Re: Stuck with manipulating an array
by tybalt89 (Monsignor) on Aug 28, 2017 at 13:36 UTC
    #!/usr/bin/perl # http://perlmonks.org/?node_id=1198153 use strict; use warnings; use Data::Dumper; my $start; my @answer; for ( sort {$a <=> $b} map tr/\n//dr, <DATA> ) { if( not defined $start or $_ > $start + 1000 ) { push @answer, [ $_ ]; $start = $_; } else { push @{ $answer[-1] }, $_; } } print Dumper \@answer; __DATA__ 141326478 103194415 86004442 86004438 86004437 86004434 86004431 85280835 85280834 85280832 53250112 50137387 50137382 50137380 29223108 25694155 17916134
      seems to do the trick, thank you so much!
      Is this an array of arrays what you are creating, correct?

        Yes

Re: Stuck with manipulating an array
by BillKSmith (Monsignor) on Aug 28, 2017 at 14:34 UTC
    You have not responded to Corion's comment about "good" binning. Is any valid solution "good enough"? Do you have additional criteria, but do not know how to specify them? Consider how you would want to divide the list of integers (0..1001). (Note that there are over 1000 possible solutions using two bins.

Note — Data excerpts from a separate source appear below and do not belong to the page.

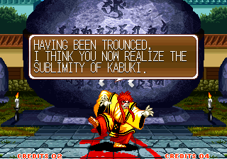 | Home | BackTweet | Haohmaru | Hanzo Hattori | Charlotte | Galford | Nakoruru | Jubei Yagyu | Earthquake | | Gen-An Shiranui | - Kyoshiro Senryo - | Tam Tam | Ukyo Tachibana | Wan-Fu |
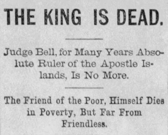 This post is the first of a series featuring The Ashland News items about La Pointe’s infamous Judge John William Bell, written mainly by his son-in-law George Francis Thomas née Gilbert Fayette Thomas a.k.a G.F.T.
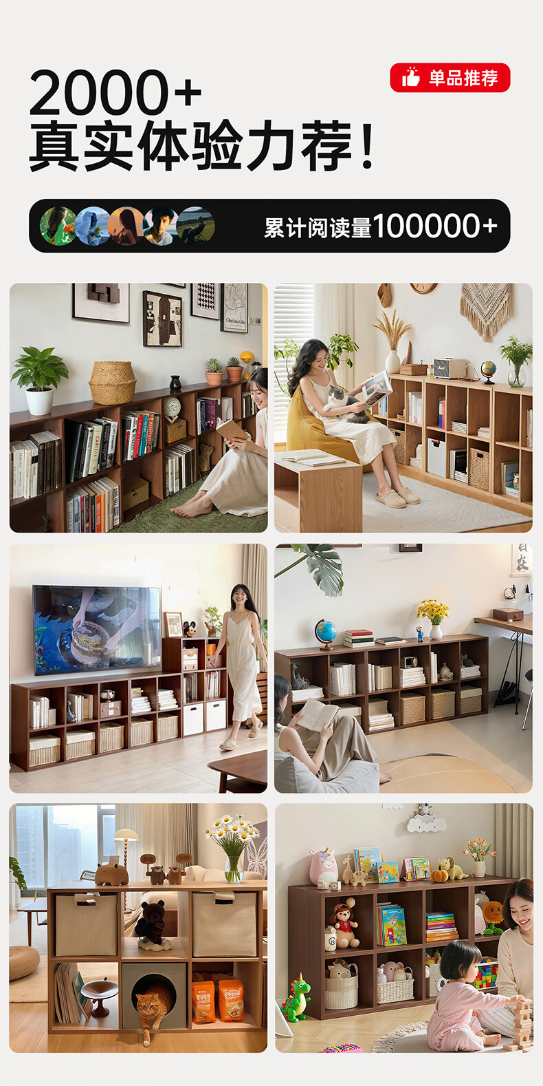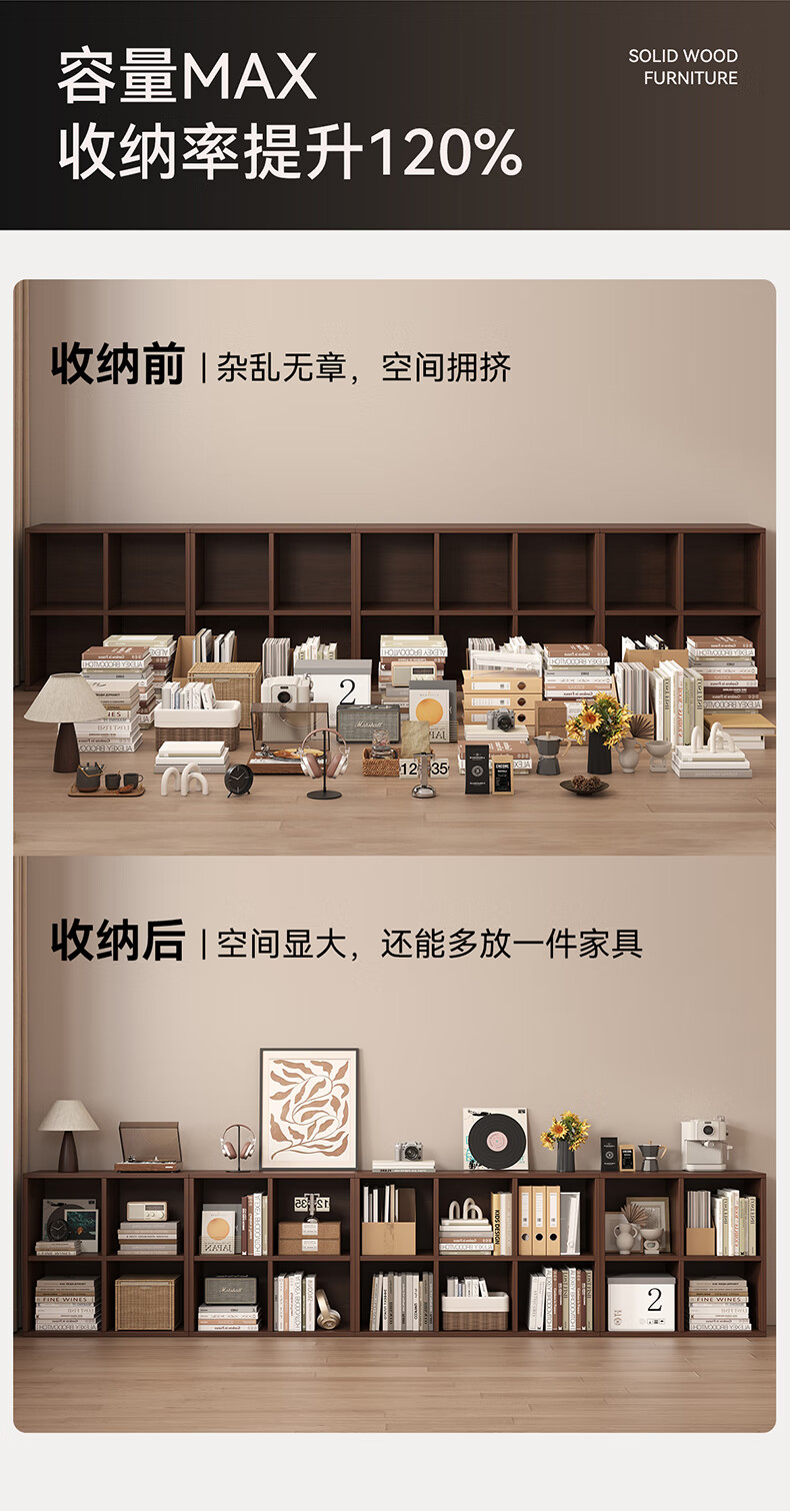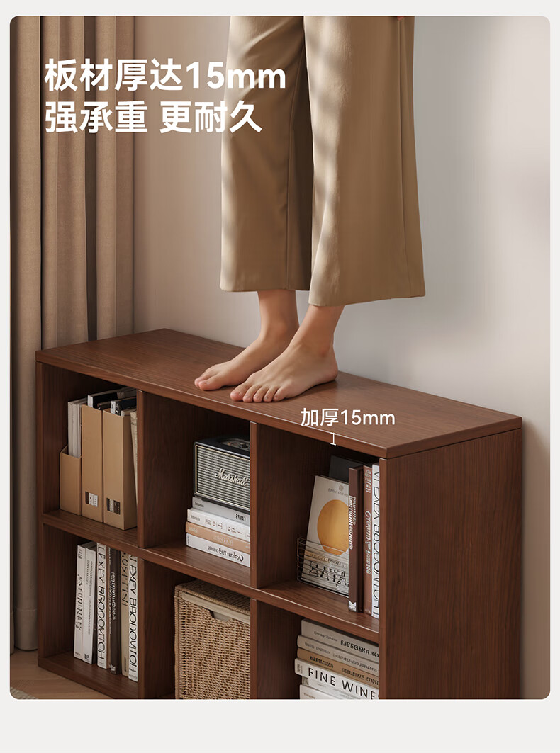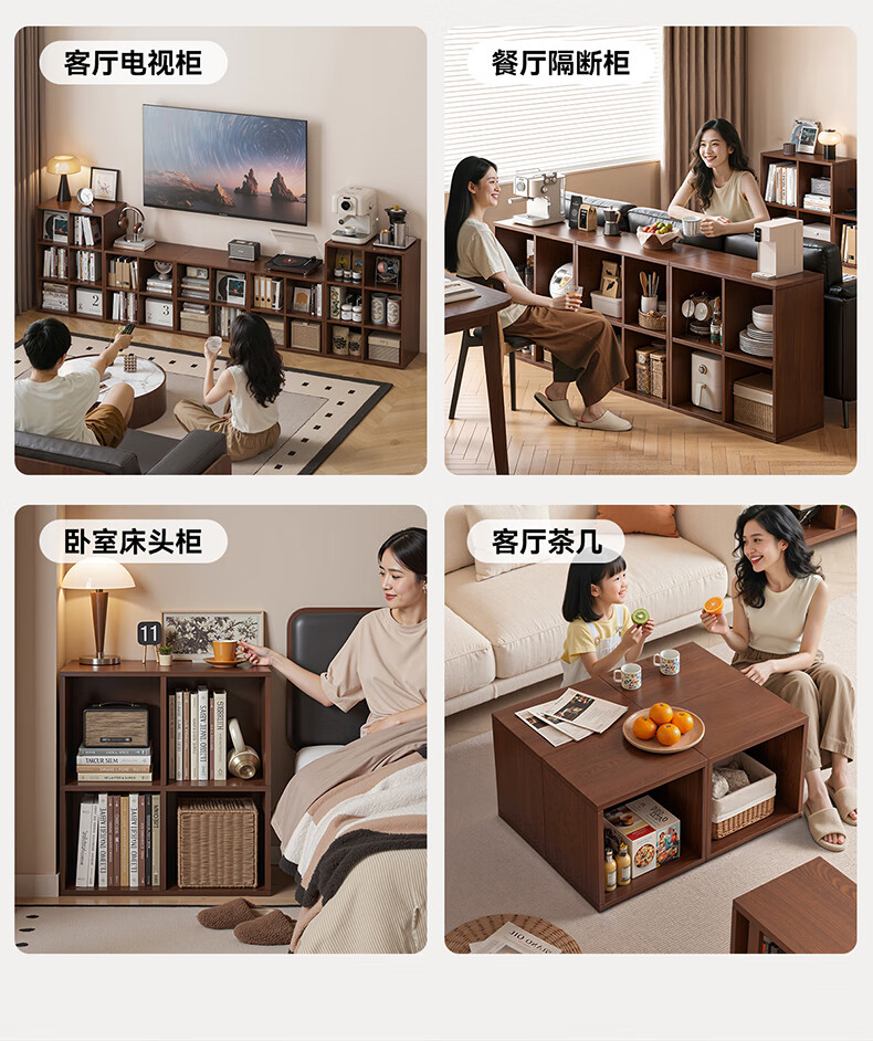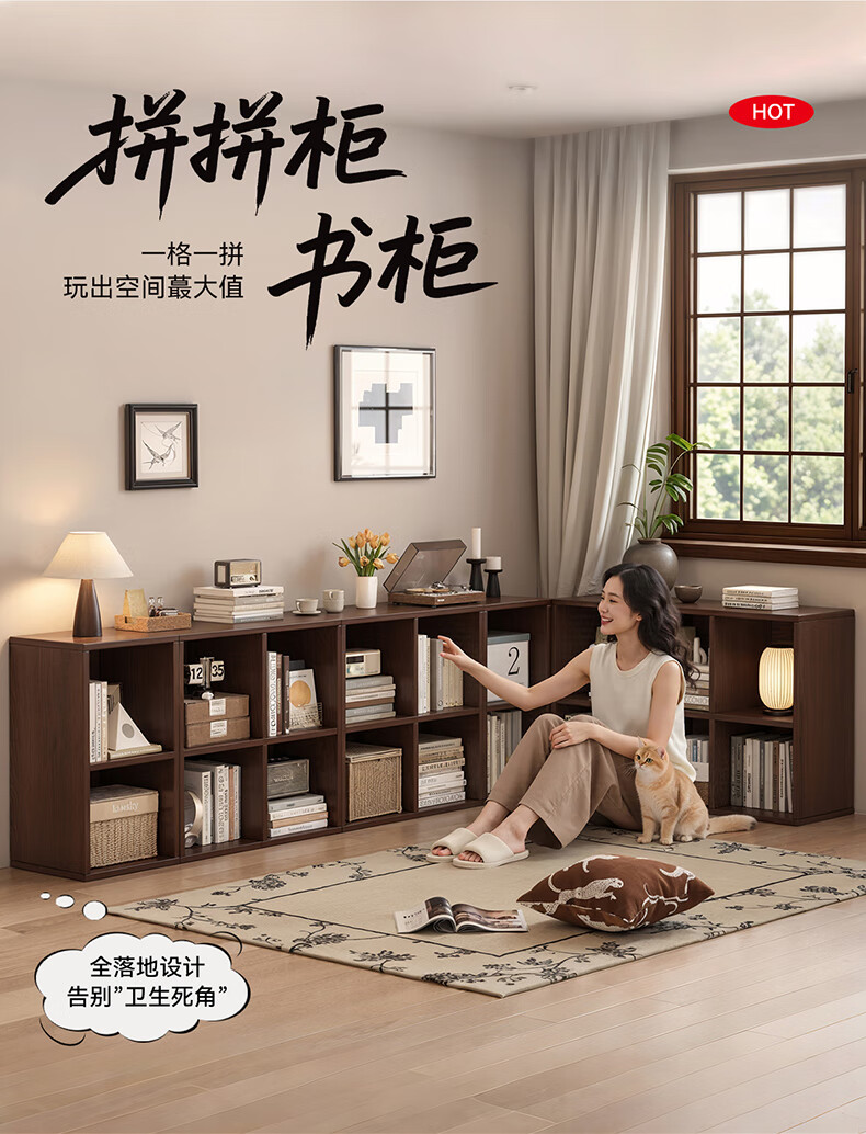 顾家家居书架置物架落地一体靠墙书柜储物柜家用收纳柜自由组合矮柜格子柜 包安装【自由组合】原木色2格款

Far more if more bins are allowed.)
    Bill
      I think the answer/snippet provided by tybalt89 was exactly what I was after...
        Ok, I am basically stuck here:
        #!/usr/bin/perl use Data::Dumper; while(<DATA>) { $all_numbers=$_; chomp $all_numbers; @vector=(); @vector = split(/\@/, $all_numbers); $start; @answer; for ( sort {$a <=> $b} @vector) { if( not defined $start or $_ > $start + 1000 ) { push @answer, [ $_ ]; $start = $_; } else { push @{ $answer[-1] }, $_; } } for $i ( 0 .. $#answer ) { print "$i\t [ @{$answer[$i]} ]\n"; } print "//\n"; } __DATA__ 141326478@103194415@50137382@86004442@86004438@86004434@85280835@17916 +134@85280834@86004437@85280832@53250112@50137387@50137380@29223108@25 +694155@86004431 6901075@6901079@34073753@88911904@34073751@91346449@34073757

        If I only have 1 line of data, it works perfectly, but If I have these 2, it creates this:
        0 [ 17916134 ] 1 [ 25694155 ] 2 [ 29223108 ] 3 [ 50137380 50137382 50137387 ] 4 [ 53250112 ] 5 [ 85280832 85280834 85280835 ] 6 [ 86004431 86004434 86004437 86004438 86004442 ] 7 [ 103194415 ] 8 [ 141326478 ] // 0 [ 17916134 ] 1 [ 25694155 ] 2 [ 29223108 ] 3 [ 50137380 50137382 50137387 ] 4 [ 53250112 ] 5 [ 85280832 85280834 85280835 ] 6 [ 86004431 86004434 86004437 86004438 86004442 ] 7 [ 103194415 ] 8 [ 141326478 6901075 6901079 34073751 34073753 34073757 88911904 +91346449 ] //

        What am I doing wrong?
Re: Stuck with manipulating an array
by salva (Canon) on Aug 28, 2017 at 13:16 UTC
    well, forget about the computer, how would you solve the problem using your brain alone?